● **ASSIGNMENT**: Keeping every word the same, give again only the lines from the one with "la sede gubernamental." through the end of the data, both included, and leave every picture out.

● **SUPPLIED INFORMATION**:
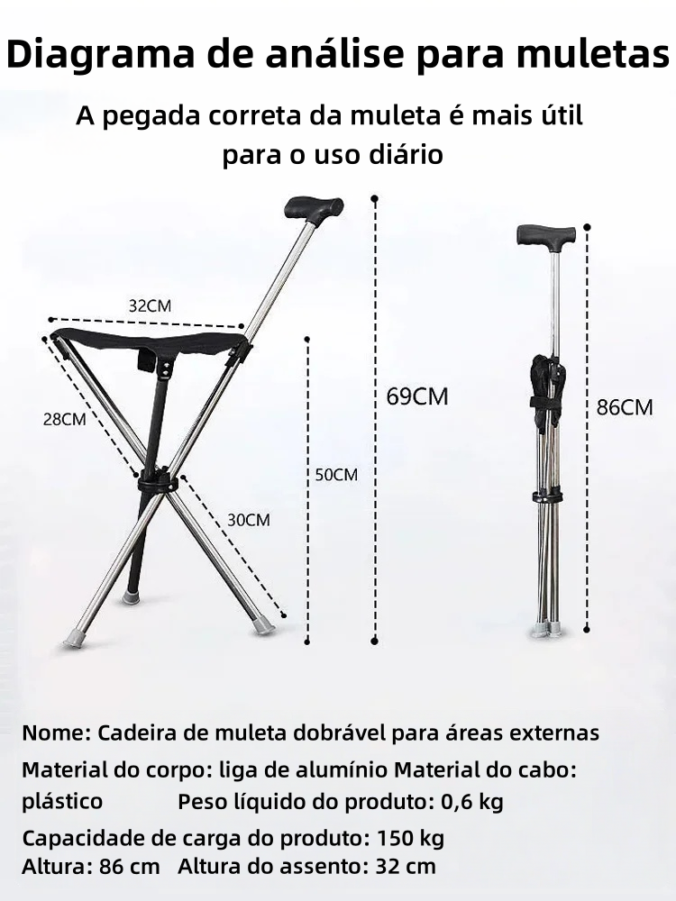 Cadeira de muleta dobrável para uso externo
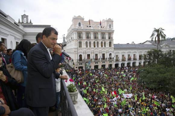 “A esta revolución no la para nadie, estamos haciendo historia, estamos construyendo la patria chica y la patria grande; gracias por esta confianza, nunca les fallaremos, esta victoria es de ustedes”, expresó Correa al saludar a la multitud desde los balcones de la sede gubernamental.
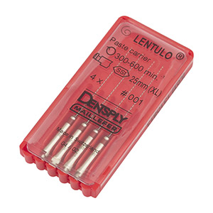 Каналонаполнители машинные Lentulo (Лентуло) предназначены для заполнения канала пастой, цементом или силером, для угловых наконечников (RA). Представляет собой спираль конической формы из нержавеющей стали. В зависимости от длины рабочей части различают: короткие спирали — 17 мм, длинные спирали — 21 мм, очень длинные спирали — 25 мм. Кроме того, в каждую группу входят 4 различных по толщине спирали. Важно, чтобы размер каналонаполнителя соответствовал размерам Римера и Файла. После обработки каналов инструментами 030, 035 пользуются каналонаполнителем №1 (красное кольцо), После обработки инструментами 040, 045 — каналонаполнителем №2 (синее кольцо). После обработки 050, 055, 060 — каналонаполнителем №3 (зеленое кольцо). После обработки 070, 080, 090 — №4 (черное кольцо). Оптимальная скорость при работе машинным каналонаполнителем 100-200 об/мин (не реколмендуется превышать 500 об/мин).
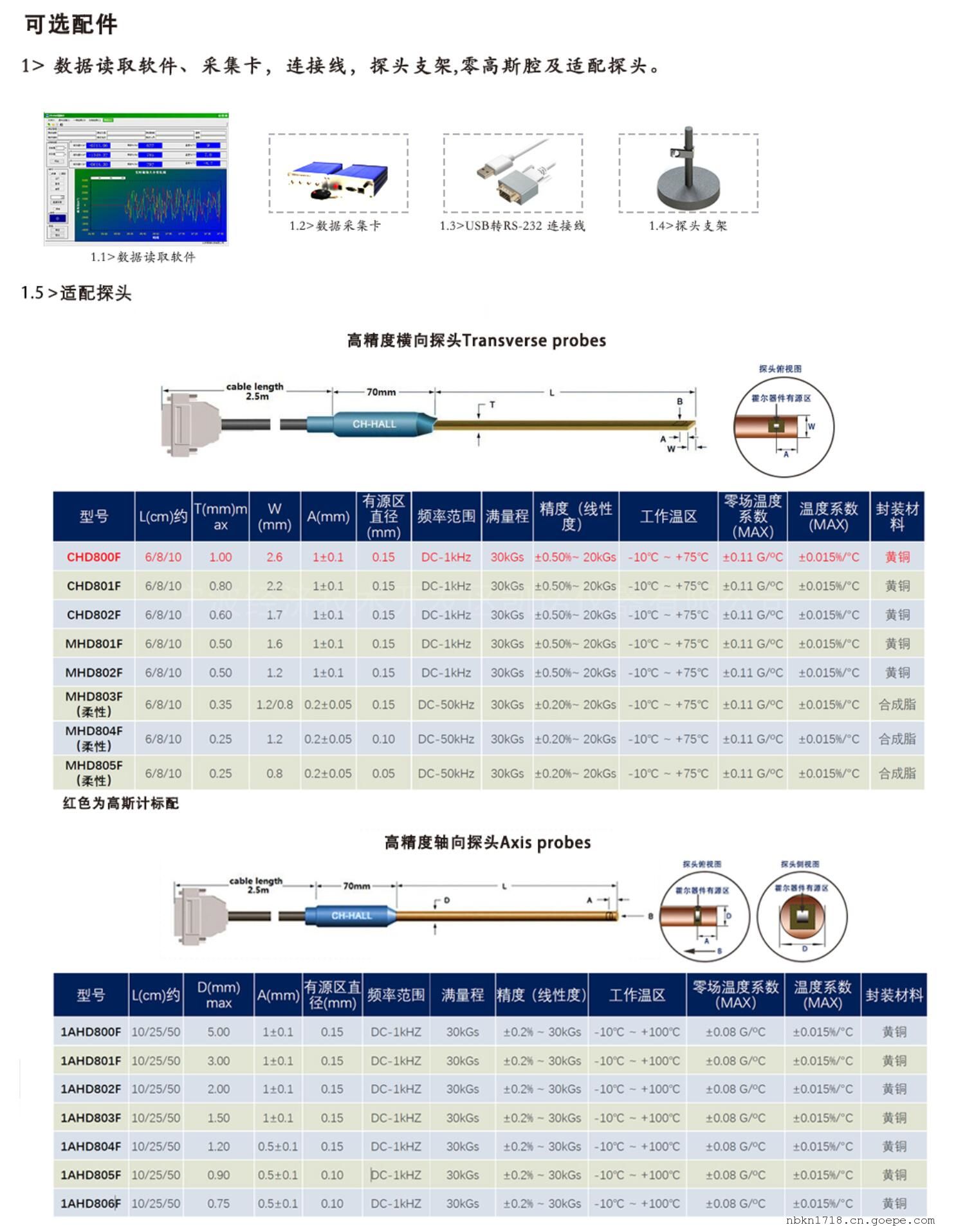 CH-1300高斯计可配常规及耐高低温一维探头、单轴探头、横向探头

● **EXPECTED ANSWER**:
 “A esta revolución no la para nadie, estamos haciendo historia, estamos construyendo la patria chica y la patria grande; gracias por esta confianza, nunca les fallaremos, esta victoria es de ustedes”, expresó Correa al saludar a la multitud desde los balcones de la sede gubernamental.
 Каналонаполнители машинные Lentulo (Лентуло) предназначены для заполнения канала пастой, цементом или силером, для угловых наконечников (RA). Представляет собой спираль конической формы из нержавеющей стали. В зависимости от длины рабочей части различают: короткие спирали — 17 мм, длинные спирали — 21 мм, очень длинные спирали — 25 мм. Кроме того, в каждую группу входят 4 различных по толщине спирали. Важно, чтобы размер каналонаполнителя соответствовал размерам Римера и Файла. После обработки каналов инструментами 030, 035 пользуются каналонаполнителем №1 (красное кольцо), После обработки инструментами 040, 045 — каналонаполнителем №2 (синее кольцо). После обработки 050, 055, 060 — каналонаполнителем №3 (зеленое кольцо). После обработки 070, 080, 090 — №4 (черное кольцо). Оптимальная скорость при работе машинным каналонаполнителем 100-200 об/мин (не реколмендуется превышать 500 об/мин).
 CH-1300高斯计可配常规及耐高低温一维探头、单轴探头、横向探头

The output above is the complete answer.